In the material below, the lines from the one containing "These costs are" through the one containing "TX09 HMS mudel" are to be given again exactly, ends included, and no others.

============================================================

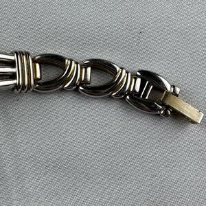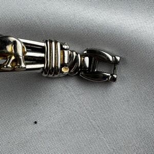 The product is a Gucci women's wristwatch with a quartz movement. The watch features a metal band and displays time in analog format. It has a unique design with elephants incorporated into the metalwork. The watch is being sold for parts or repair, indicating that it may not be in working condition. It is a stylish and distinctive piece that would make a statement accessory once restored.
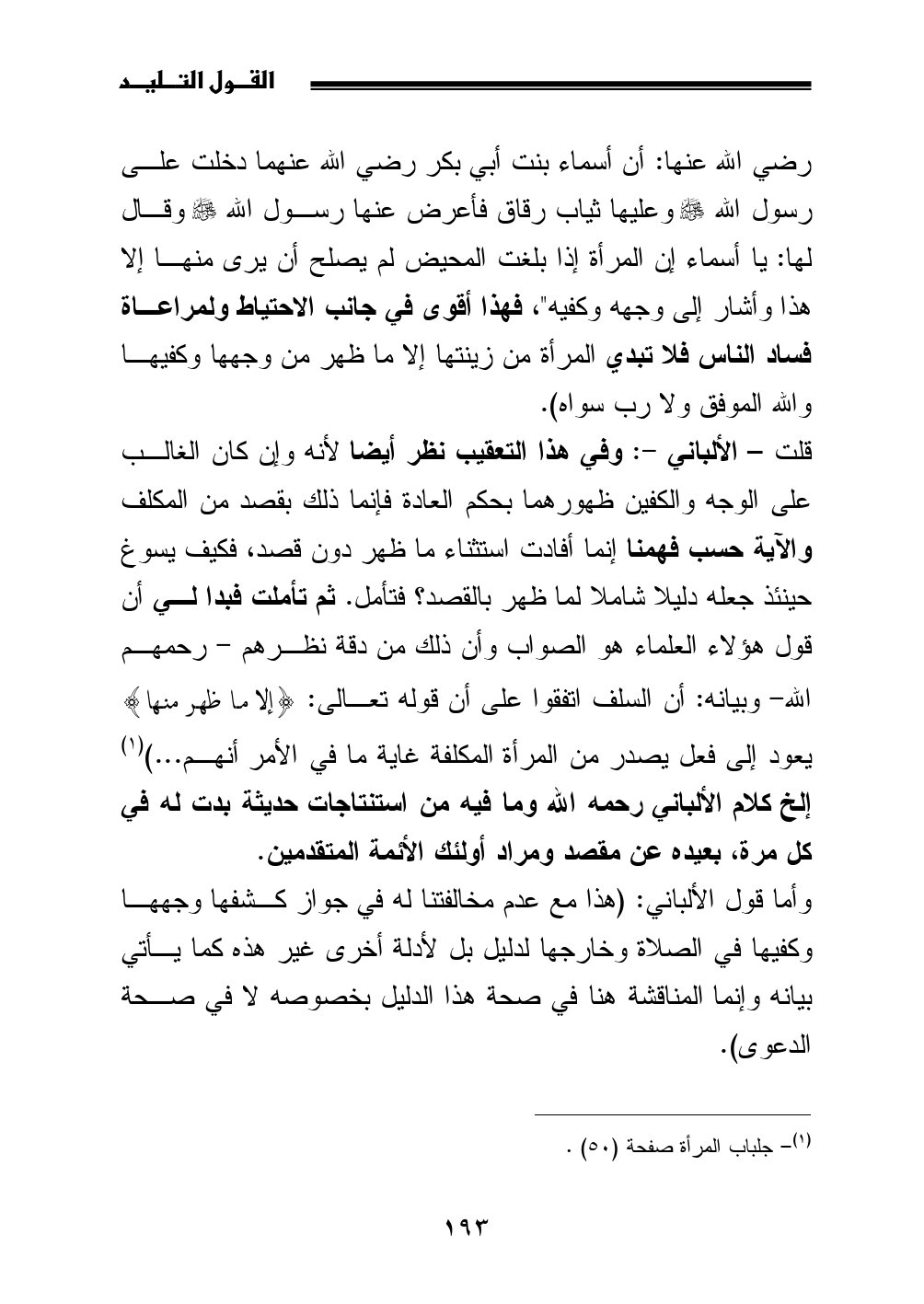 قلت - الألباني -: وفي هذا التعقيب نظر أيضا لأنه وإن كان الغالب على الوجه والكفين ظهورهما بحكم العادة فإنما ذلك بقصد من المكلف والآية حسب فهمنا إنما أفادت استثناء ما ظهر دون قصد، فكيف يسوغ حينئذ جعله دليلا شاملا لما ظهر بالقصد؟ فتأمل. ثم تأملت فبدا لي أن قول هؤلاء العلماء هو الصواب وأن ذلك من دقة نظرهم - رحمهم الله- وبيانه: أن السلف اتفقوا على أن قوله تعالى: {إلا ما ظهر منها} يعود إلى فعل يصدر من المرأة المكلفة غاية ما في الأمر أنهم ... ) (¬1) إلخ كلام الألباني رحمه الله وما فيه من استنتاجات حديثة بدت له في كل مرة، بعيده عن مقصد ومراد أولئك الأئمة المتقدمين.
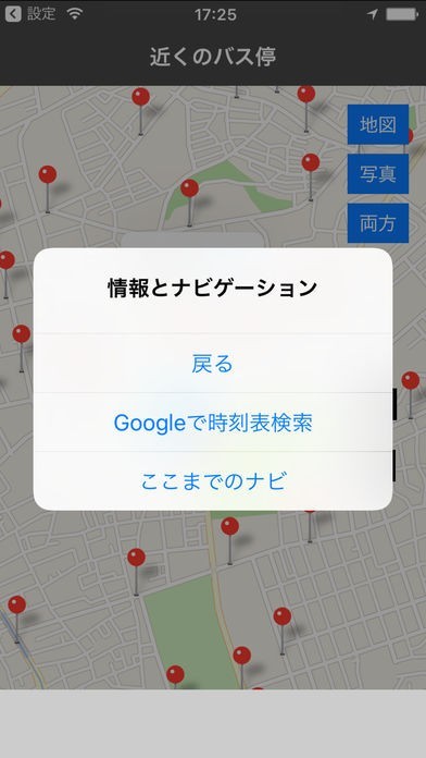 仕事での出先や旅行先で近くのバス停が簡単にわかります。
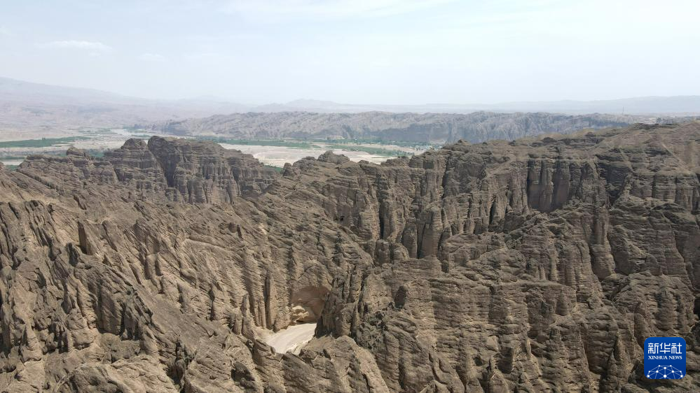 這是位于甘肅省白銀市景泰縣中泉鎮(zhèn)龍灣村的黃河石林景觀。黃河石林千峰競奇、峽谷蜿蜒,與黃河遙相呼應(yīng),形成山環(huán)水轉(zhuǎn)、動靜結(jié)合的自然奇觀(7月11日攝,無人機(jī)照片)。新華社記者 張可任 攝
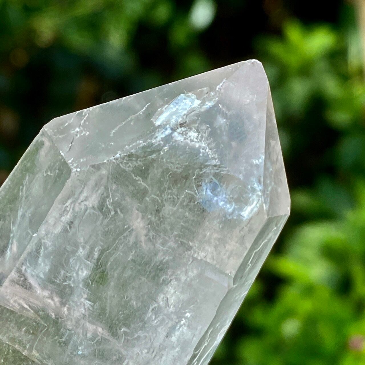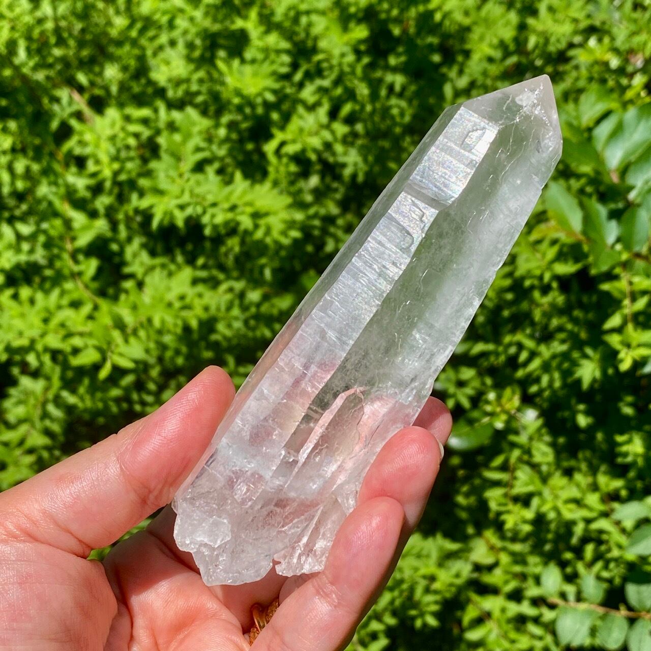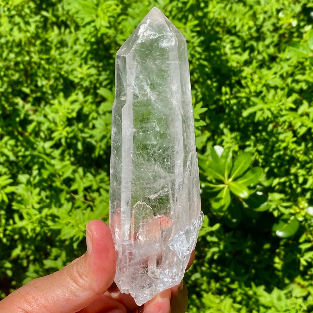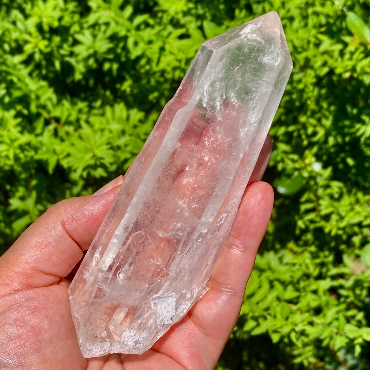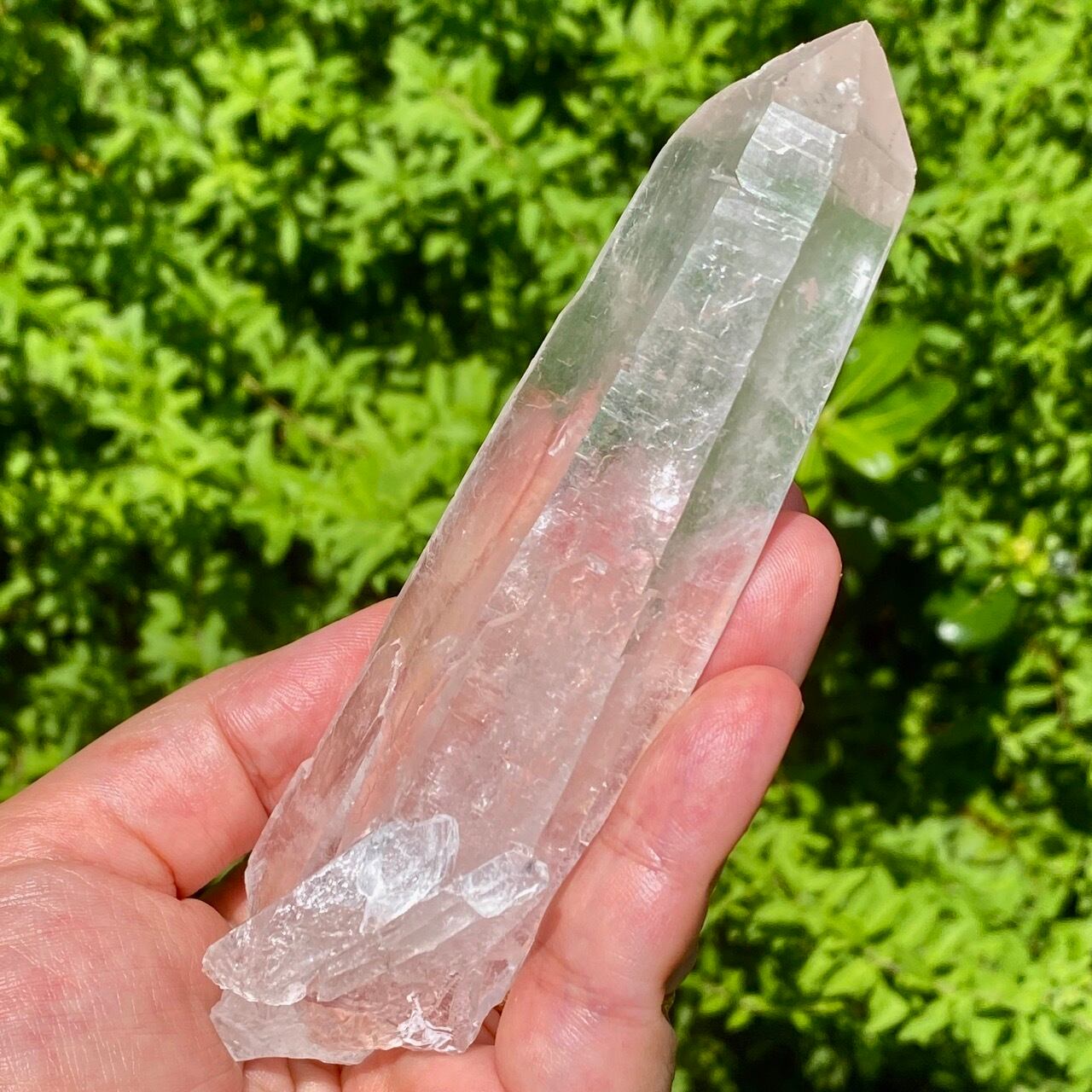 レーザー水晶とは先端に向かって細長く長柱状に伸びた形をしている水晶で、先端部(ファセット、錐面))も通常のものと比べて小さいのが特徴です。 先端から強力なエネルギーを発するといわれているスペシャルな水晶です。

============================================================

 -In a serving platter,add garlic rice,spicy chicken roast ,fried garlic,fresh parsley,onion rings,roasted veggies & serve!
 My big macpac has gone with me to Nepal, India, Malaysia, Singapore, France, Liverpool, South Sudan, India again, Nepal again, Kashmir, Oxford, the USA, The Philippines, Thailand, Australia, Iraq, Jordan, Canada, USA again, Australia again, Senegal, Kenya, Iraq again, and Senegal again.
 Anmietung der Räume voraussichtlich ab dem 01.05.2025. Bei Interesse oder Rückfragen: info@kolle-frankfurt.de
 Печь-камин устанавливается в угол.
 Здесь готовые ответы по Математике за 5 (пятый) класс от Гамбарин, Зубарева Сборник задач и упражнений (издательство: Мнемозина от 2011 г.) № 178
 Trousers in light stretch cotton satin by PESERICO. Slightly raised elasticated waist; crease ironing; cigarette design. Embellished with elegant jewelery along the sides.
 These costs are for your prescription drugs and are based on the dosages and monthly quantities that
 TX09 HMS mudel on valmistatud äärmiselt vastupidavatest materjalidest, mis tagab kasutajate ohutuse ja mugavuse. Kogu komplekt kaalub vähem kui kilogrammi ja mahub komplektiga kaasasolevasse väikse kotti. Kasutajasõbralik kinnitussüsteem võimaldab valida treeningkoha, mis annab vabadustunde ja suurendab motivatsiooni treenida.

============================================================

**Task solution**
 These costs are for your prescription drugs and are based on the dosages and monthly quantities that
 TX09 HMS mudel on valmistatud äärmiselt vastupidavatest materjalidest, mis tagab kasutajate ohutuse ja mugavuse. Kogu komplekt kaalub vähem kui kilogrammi ja mahub komplektiga kaasasolevasse väikse kotti. Kasutajasõbralik kinnitussüsteem võimaldab valida treeningkoha, mis annab vabadustunde ja suurendab motivatsiooni treenida.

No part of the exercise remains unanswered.